Learning Intuitive Physics from Video to Improve Reinforcement Learning

Presenter: Shhreya Anand

Faculty Sponsor: Bruno C. da Silva

School: UMass Amherst

Research Area: Artificial Intelligence

Session: Poster Session 4, 2:15 PM - 3:00 PM, 163, C31

ABSTRACT

Reinforcement learning (RL) agents trained directly from pixels remain sample-inefficient and brittle, particularly in environments governed by physical dynamics.

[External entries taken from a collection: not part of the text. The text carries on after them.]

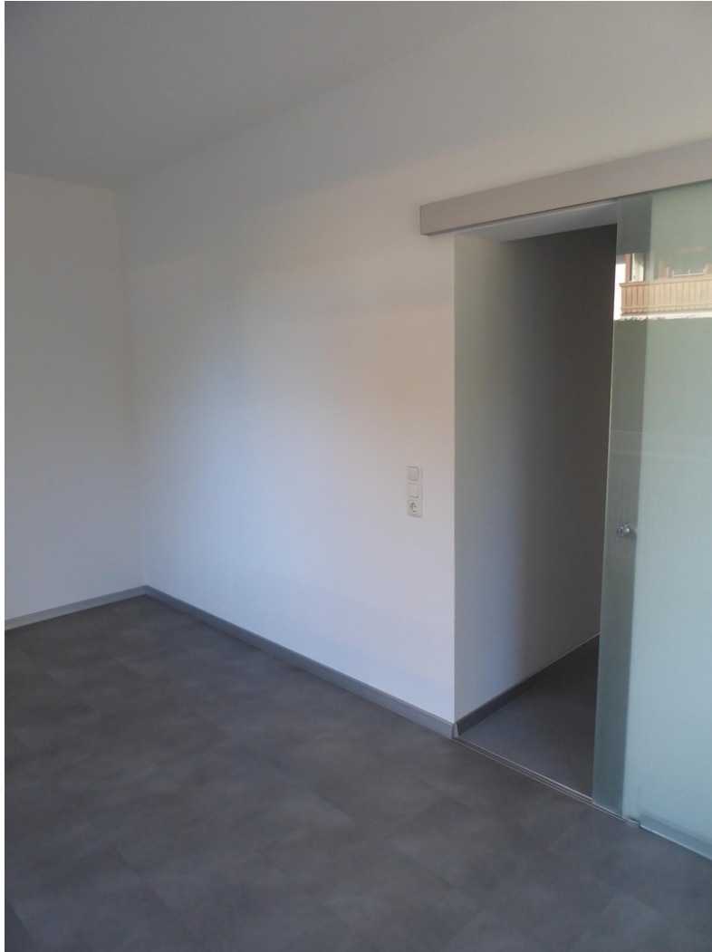
Schlafen/Dusche hinter Glass.
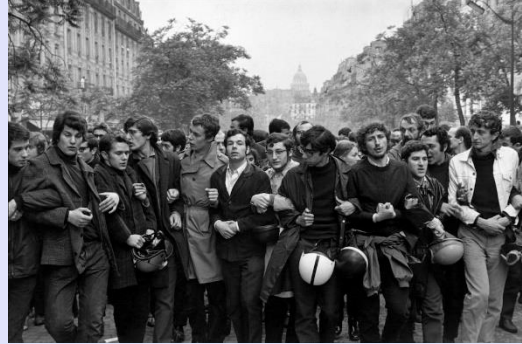
Figura 5: Manifestación estudiantil, París.

También es cierto que en la actualidad este frente es imposible. Esta utopía, aquí como en muchas otras ocasiones, proyecta sobre el horizonte un 'posible-imposible'. Por suerte o desgracia, el tiempo, el de la historia y la práctica social, difiere del tiempo de la filosofía. Aún si no produce lo irreversible, puede producir lo que será difícilmente reparable. Como escribiera Marx, la humanidad sólo se plantea los problemas que puede resolver. Algunos creen hoy que los hombres sólo se plantean problemas insolubles. Desmienten a la razón. Sin embargo, quizás haya problemas de fácil solución con la solución a mano, muy cerca, y que las gentes no se plantean.
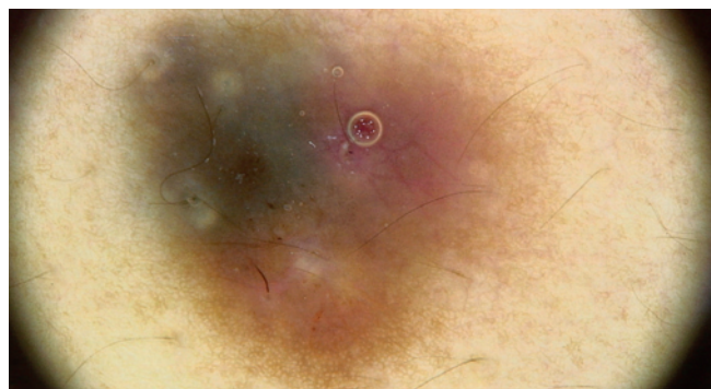
Figura 2 - Lesão observada à dermatoscopia digital (FotoFinder Medicam 1000®): lesão assimétrica na estrutura e na cor.

de diâmetro, bem delimitada, com bordo irregular e várias cores de distribuição heterogênea (azul-acinzentada, rosa e castanho claro) (Fig. 1).
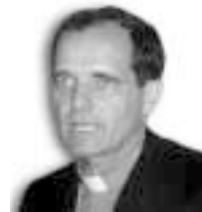
Por: Mons. Jorge Casaretto

Que en las opciones y conversiones a las que estamos llamados diariamente, siempre podamos elegir con fuerte convicción por el camino de Jesús. ✠
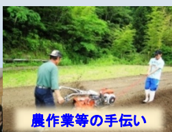
農作業等の手伝い
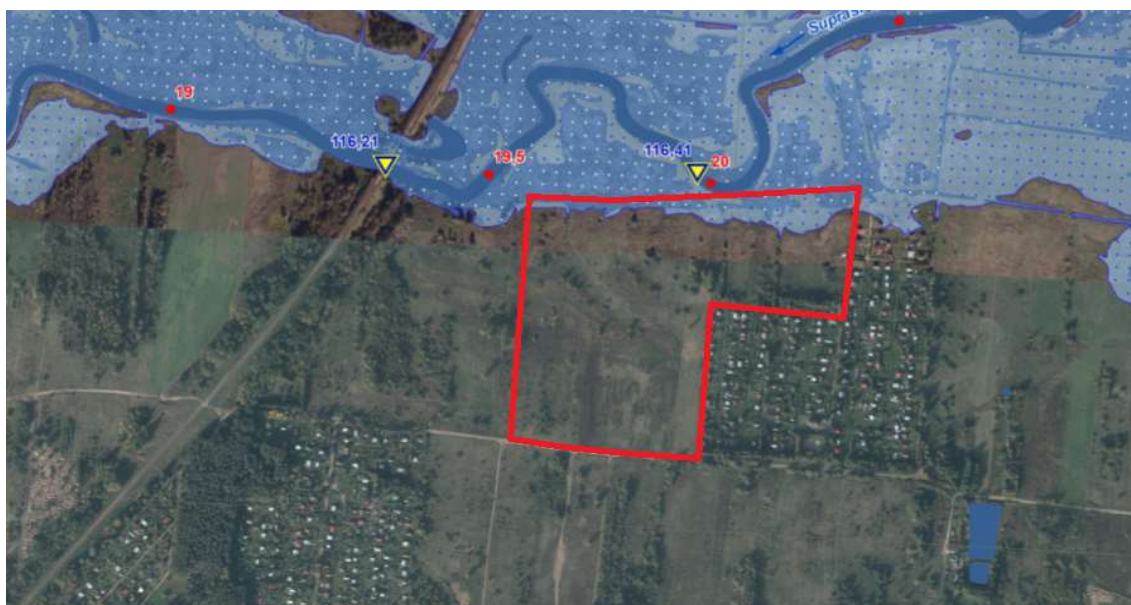
Mapa Nr 1. Mapa zagrożenia powodziowego dla obszaru nr 5 (Wasilków N-34-107-A-d-3).

Ochronę przed powodzią prowadzi się z uwzględnieniem map zagrożenia powodziowego, map ryzyka powodziowego oraz planów zarządzania ryzykiem powodziowym. Od dnia przekazania map zagrożenia powodziowego i ryzyka powodziowego jednostkom samorządu terytorialnego, w decyzjach o ustaleniu lokalizacji inwestycji celu publicznego lub decyzjach o warunkach zabudowy na obszarach wykazanych na mapach zagrożenia powodziowego, można uwzględniać poziom zagrożenia powodziowego wynikający z wyznaczenia tych obszarów. Na podstawie mapy zagrożenia powodziowego (arkusze Wasilków) ustalono, że niewielka część obszarów 5,6,8 leży w strefie zagrożenia powodziowego. Są to tereny położone w obrębie miasta Wasilkowa. W 2015 r. na Hydroportalu opublikowane zostały zweryfikowane i ostateczne wersje map zagrożenia powodziowego i map ryzyka powodziowego. Jednocześnie mapy zostały przekazane przez Prezesa Krajowego Zarządu Gospodarki Wodnej organom administracji wskazanym w ustawie Prawo wodne i jako oficjalne dokumenty planistyczne stanowią podstawę do podejmowania działań związanych z planowaniem przestrzennym i zarządzaniem kryzysowym. (mapy.isok.gov.pl). Na poniższych mapach przedstawiono obszary, na których prawdopodobieństwo wystąpienia powodzi jest wysokie i wynosi raz na 10 lat Q_{10\%} (na tle mapy zagrożenia powodziowego).
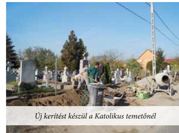
Új kerítést készül a Katolikus temetőnél
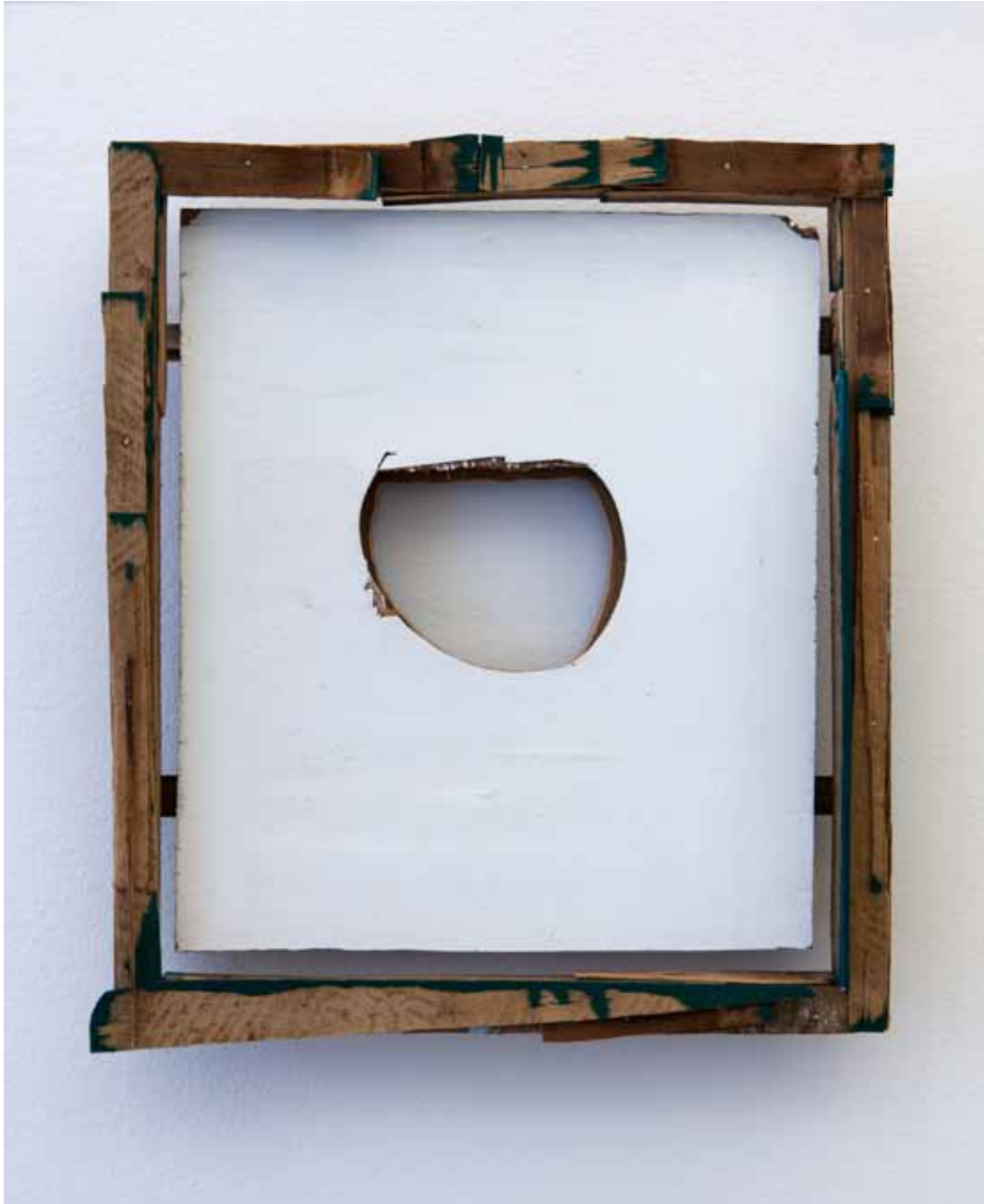
Nataly Hocke Echo 2015, 43 x 38 cm, Holz, Spanholz, Binderfarbe
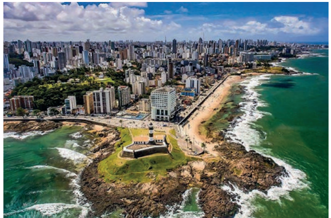
Salvador, capital do estado da Bahia.

Disponível em: https://mundoeducacao.uol.com.br . Acesso em: 20 out. 2023.
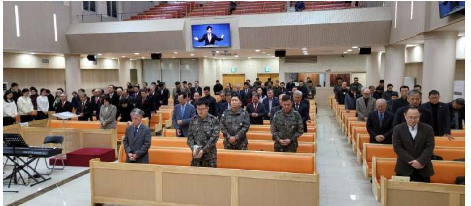
하나님을 위하여, 나라를 위하여, 군을 위하여 합심기도
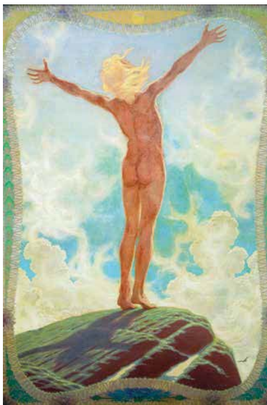
Fidus: Fényfohász 1922

lélek tökéletesedését, az „egész emberiség” fejlesztését szolgáló szabad levegőn végzett gimnasztikát, a fényfürdőzést. Felfogásuk szerint a meztelenség nem erkölcstelen, éppen ellenkezőleg, természetes forma, amelynek segítségével elkerülhető a szexuális „túlfűtöttség”, továbbá hozzásegít a természet által szabályozott szexualitáshoz. Az általuk vallott új szexuális morált az előítéletektől mentes nevelési reform fontos eszközeként tekintették.
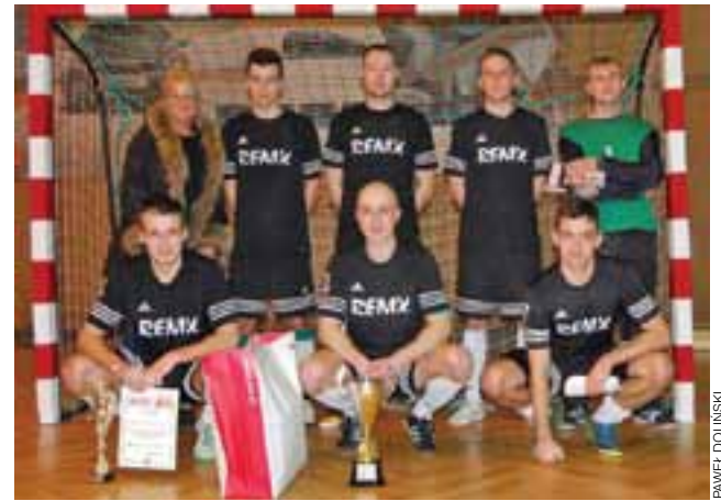
Renix wygrał Puchar Burmistrza w sezonie 2015/2016.
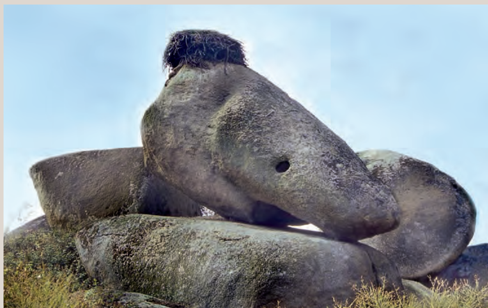
Peña del tiburón.

Evolución del paisaje en Los Barruecos: Desde la intrusión del granito hasta la situación actual como consecuencia de la fracturación, diaclasamiento y meteorización.
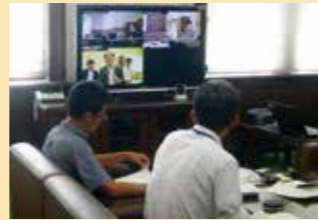
文化庁とのテレビ会議の様子
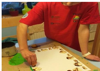
OKVIR – VZOREC IZ LIKOV
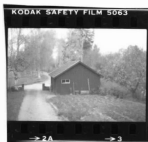
II fr. v.
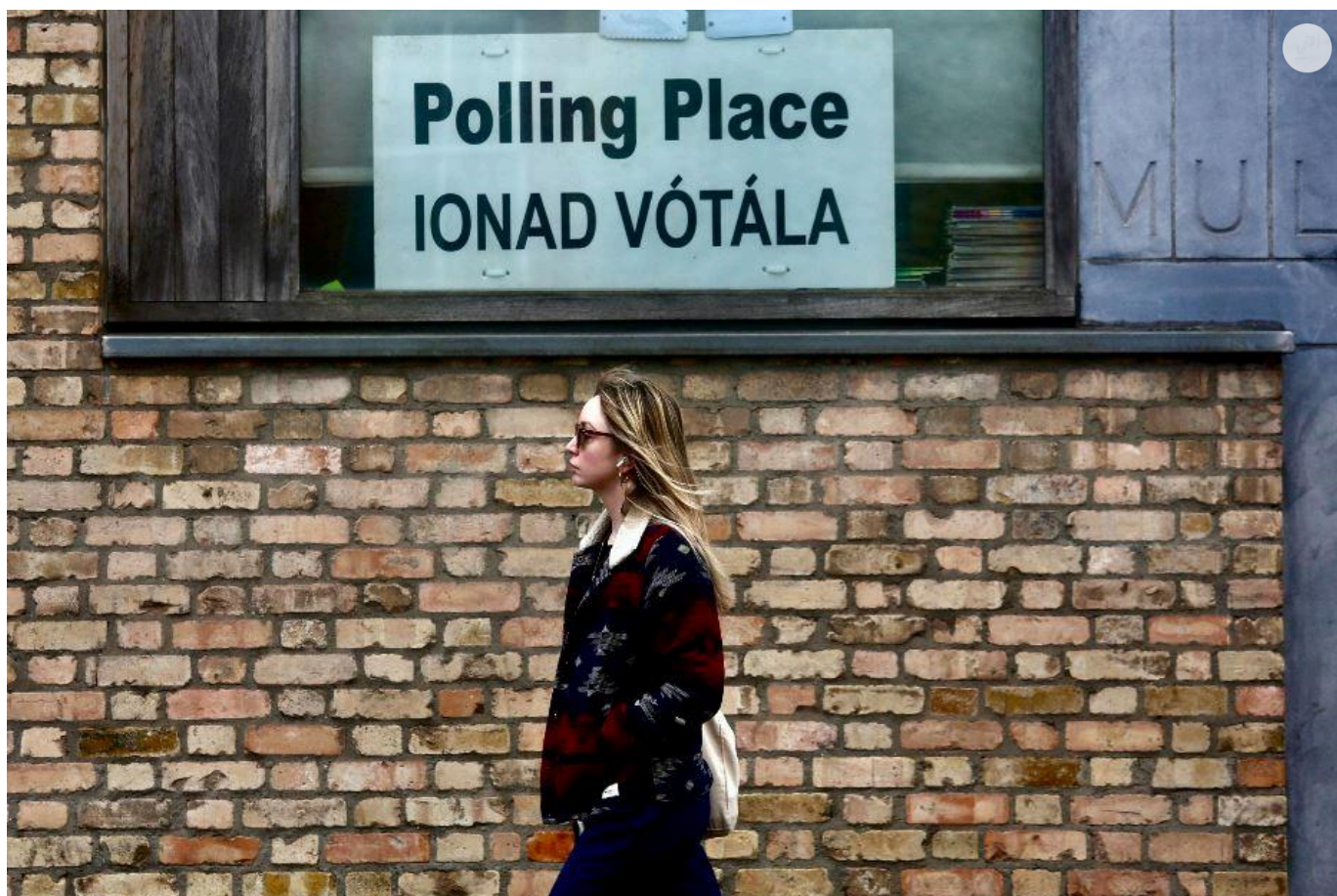
Un seggio per il referendum dell'8 marzo

Quindi nessun fraintendimento. «Si respira un'aria di protesta antisistema – aggiunge Bottone –, simile a ciò che sta avvenendo in altri Paesi europei ma che qui deve ancora trovare un'espressione politica. L'Irlanda è un Paese che ha vissuto il processo che negli altri Paesi europei è durato 60 anni: il passaggio da una relativa povertà al boom economico, da una società tradizionale a una secolarizzata, ma l'ha fatto in ritardo e in modo accelerato. Ora è come se dopo l'euforia emergessero numerosi problemi. A partire dal rapporto con l'immigrazione».
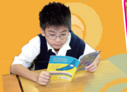
透過跨科組專題研習，有效提升學生閱讀興趣和理解能力
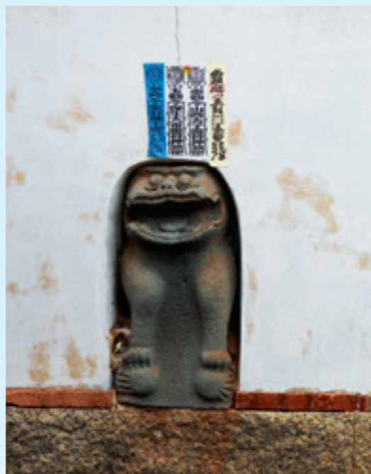
▲ 鎮風防煞的牆上風獅爺。

在「蔡氏家廟」的後壁上，鑲嵌有一尊風獅爺，因其前面為巷道，為防路衝而設置，主要功能即針對巷道以防衝煞，村民也常會來祭拜，據說小兒有時「臭嘴角」（現在稱為「鵝口瘡」），都會帶餅干來拜，並以祭拜過的餅干在小兒的嘴角擦拭。

Because perception and control are learned simultaneously from reward signals, agents must rediscover basic physical regularities-such as object permanence and motion continuity-through costly trial-and-error. In contrast, humans acquire intuitive physics through observation before engaging in goal-directed behavior.

This project investigates whether self-supervised predictive world models can provide RL agents with such priors. Specifically, I evaluate Video Joint Embedding Predictive Architectures (V-JEPA) models pretrained on large-scale video to learn latent physical dynamics, as representation learners for control. In this work, I use Joint Embedding Predictive Architectures (JEPA) as pretrained representation learners for reinforcement learning. By learning physical dynamics from video through self-supervised prediction, we aim to separate perception from control and provide RL agents with intuitive physics priors before reward-based training.

I systematically compare three conditions using PPO-based agents: (1) a baseline CNN trained end-to-end from scratch, (2) a frozen pretrained V-JEPA encoder with a learned policy head, and (3) a fine-tuned V-JEPA encoder jointly optimized with RL. Experiments progress from CartPole to partially observable variants with occlusion, and finally to a robotic cube-pushing task involving real physical interactions.

By testing whether video-derived physics knowledge transfers to embodied control, this work provides a foundational evaluation of predictive world modeling as a scalable precursor to reinforcement learning.